Four main technologies are in use: iris, fingerprint/handprint, face, and voice.

1. Iris
   Current interest in biometrics around the world appears to mainly centre on the use of iris recognition, according to Zaid Alsaji, associate director at CMG (Canberra), one of only three companies licensed by the Commonwealth Government perform security evaluations of products and technologies as part of the Australasian Information Security Evaluation Program. (Alsaji is also business manager of CMG’s Australasian Information Security Evaluation Facility, which provides security evaluation services to companies wishing to sell their products to Government).

   Based on test results from the UK, iris has the lowest rate of false match and false non-match errors, he claims.

   Retina scanning, though beloved by moviemakers, has fallen out of favour in the local marketplace. This seems to result from iris recognition’s good performance, use of commodity hardware and end-user acceptance. That latter point is important, as anecdotal reports suggest it is important to explain to users the difference between iris recognition—which is based on a digital photograph of the eye’s surface—and retina scanning, which uses laser light to obtain an image of the blood vessels at the back of the eye.

   Traditionally, retina recognition has involved putting the eye up against a scanner. A relatively new entrant called Retinal Technologies has developed an inexpensive device that can do the job from around 30cm away. When this goes into production it may draw renewed attention to the technology, especially as retina templates can be one-tenth the size of those for the iris.
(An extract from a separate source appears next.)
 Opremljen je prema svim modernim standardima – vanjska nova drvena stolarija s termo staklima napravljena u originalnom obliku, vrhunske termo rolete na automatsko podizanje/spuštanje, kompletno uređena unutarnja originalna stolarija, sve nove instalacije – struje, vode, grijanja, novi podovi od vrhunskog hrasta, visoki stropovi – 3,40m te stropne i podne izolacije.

   According to scientists at the former British Telecom Laboratories (now BTexact Technologies), “The textural variation, coloured tissue, and complex pattern of striations, freckles and fibrous structure which make up the iris, is unique to each individual and remains constant throughout life, and makes it perfect for recognition purposes.” This structure can be reduced to a numeric representation with the equivalent of approximately 260 independent variables, “much greater than had ever been claimed for other biometrics, such as fingerprint systems or facial or speech recognition systems.”

   Iris recognition has a good reputation for avoiding false recognitions: Iridian Technologies’ system has generated no false acceptances in over two billion attempts, according to Greg McAweeney, ebusiness services management consultant at Siemens Business Services.
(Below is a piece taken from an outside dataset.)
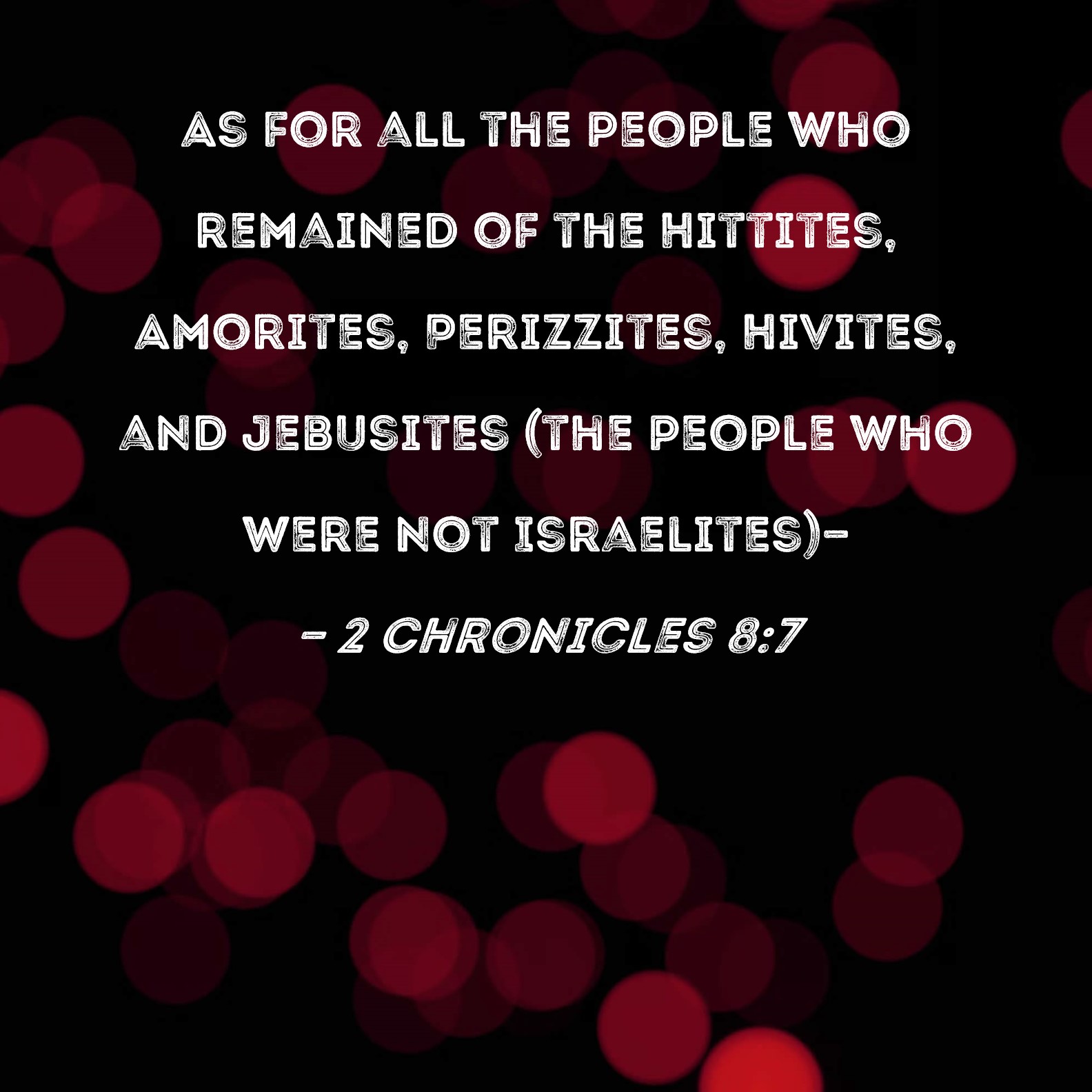 BSB: As for all the people who remained of the Hittites, Amorites, Perizzites, Hivites, and Jebusites (the people who were not Israelites)-- KJV: As for all the people that were left of the Hittites, and the Amorites, and the Perizzites, and the Hivites, and the Jebusites, which were not of Israel, DRB: All the people that were left of the Hethites, and the Amorrhites, and the Pherezites, and the Hevites, and the Jebusites, that were not of the stock of Israel: DBT: All the people that were left of the Hittites, and the Amorites, and the Perizzites, and the Hivites, and the Jebusites, who were not of Israel, ERV: As for all the people that were left of the Hittites, and the Amorites, and the Perizzites, and the Hivites, and the Jebusites, which were not of Israel; WBT: As for all the people that were left of the Hittites, and the Amorites, and the Perizzites, and the Hivites, and the Jebusites, who were not of Israel, WEB: As for all the people who were left of the Hittites, the Amorites, the Perizzites, the Hivites, and the Jebusites, who were not of Israel— YLT: All the people who are left of the Hittite, and the Amorite, and the Perizzite, and the Hivite, and the Jebusite, who are not of Israel — Links 2 Chronicles 8:7 NIV • 2 Chronicles 8:7 NLT • 2 Chronicles 8:7 ESV • 2 Chronicles 8:7 NASB • 2 Chronicles 8:7 KJV • 2 Chronicles 8:7 Interlinear • 2 Chronicles 8:7 Commentaries • 2 Chronicles 8:7 Parallel Texts • 2 Chronicles 8:7 Bible Apps • 2 Chronicles 8:7 Parallel • Bible Hub |

   Off-the-shelf digital cameras now offer sufficiently high resolution to get a good capture of iris patterns, according to Tim Cranny, senior consulting engineer with managed security services provider 90East, and iris recognition can piggyback on such advances.

   CMG’s Alsaji pointed to the Privium system installed at Amsterdam’s Schiphol Airport as a flagship example of iris recognition. The system was originally conceived as part of a loyalty program to ease the use of facilities by frequent flyers while retaining the ability to track that usage. Now the Dutch border police use it to provide faster and more reliable identification of those frequent flyers. “It’s difficult to forge someone’s iris pattern,” says Alsaji.

   Much of the work on Privium was performed by GMG’s Dutch operation, Alsaji says.

   Privacy is a critical consideration in Holland, he adds. According to Dutch law, only the individual concerned is allowed to hold biometric data, so the templates are stored on smart cards.

   The operator of Schiphol Airport is now offering the system to other airports and airlines.

   Iris recognition is inherently non-contact, which gives it an advantage in some markets where there is a cultural objection to touching a device that has already been touched by many people. It is also suitable for use in operating theatres and clean manufacturing environments (eg, semiconductor fabrication, satellite assembly).

2. Fingerprint/handprint
   Despite the high level of current interest in iris recognition, a report by the International Biometric Group estimated that finger scanning accounted for almost half the revenue of the biometrics sector in 2001, with hand scanning adding another 10 percent.

   Scandinavian airline SAS is testing a fingerprint biometric system for passenger identification. As in Schiphol Airport, the airline is using smart cards to store the template. “Using this ‘local’ matching of the customer’s fingerprint and a smart card, the process becomes simpler, safer and quicker for the traveller,” says Peter Söderlund, who is responsible for product development on ground at SAS. “We don’t think our customers want to leave their fingerprints, so the information is not saved after matching is completed.”

   Various relatively inexpensive fingerprint readers are available, typically packaged in a PC Card or as a USB peripheral (or even built into a mouse or trackball). While they provide some defence against casual inspection of data stored on a notebook computer, “if we’re talking about targeted industrial espionage . . . these things just don’t cut the mustard,” says 90East’s Cranny.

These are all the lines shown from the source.